Making right choice of data store for the problem in had is becoming tough with many solution options. But that is the job of an architect; Is it not?

>SQL performance tuning

April 30, 2011

>Having seen several performance problems within IT systems, I have a methodology for performance tuning. When it comes to a SQL query tuning, it should be slightly different.

9 out of 10 cases of performance problems on relational database systems relate to a bad SQL programming. Even with the latest “optimizers” within the commercial database management core execution engines, it is the skill of the developer to make use of the facilities effectively to get the best out of the RDBMS.
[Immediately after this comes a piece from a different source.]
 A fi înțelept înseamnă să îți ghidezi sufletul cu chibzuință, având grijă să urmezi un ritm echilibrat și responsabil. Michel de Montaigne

I have recently came across a typical problem with a “junction table” design.
A set of tables represent USER and all are connected by a USERID
Another set of tables represent ACCOUNT and all are connected by ACCOUNTID

The software product implements the one to many relationship using a junction table called USER_ACCOUNTS which contains (USERID, ACCOUNTID) with the composite primary key USERID, ACCOUNTID.

Now there are 30K users 120K accounts and 120K USER_ACCOUNTS and a query that need to get data from USER tables involving some outer joins on itself and ACCOUNT tables which joins multiple tables to get various attributes; all these tables linked in a join using the junction table. That query runs for 18 hours.
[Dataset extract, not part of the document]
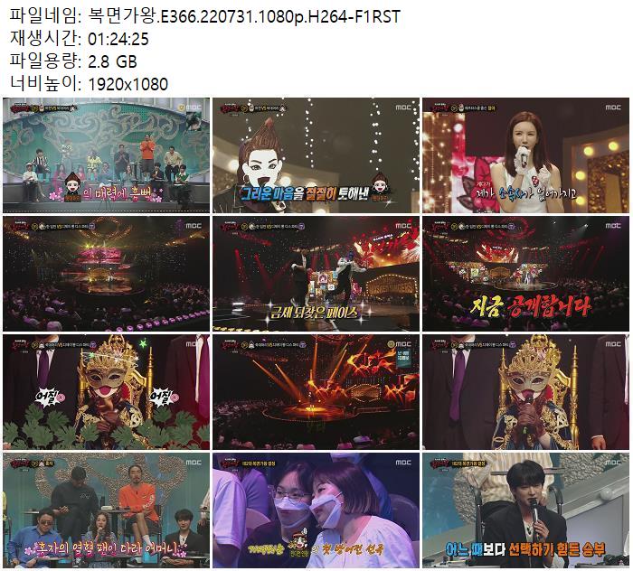 | 복면가왕.E366.220731.1080p.H264-F1RST.mp4 | 2.8 G | 01:24:25 | 1920x1080 |

When the query is split into two inline views with all the required filtering in each side of data access on USER and ACCOUNT individually and then joined using the junction table it completes in 43 seconds.

So, FILTER and then JOIN is better than JOIN and then FILTER in terms of resource consumption. Hence the performance tuning is all about doing the sequence of actions in the right order to minimize the consumption of resources to perform the job!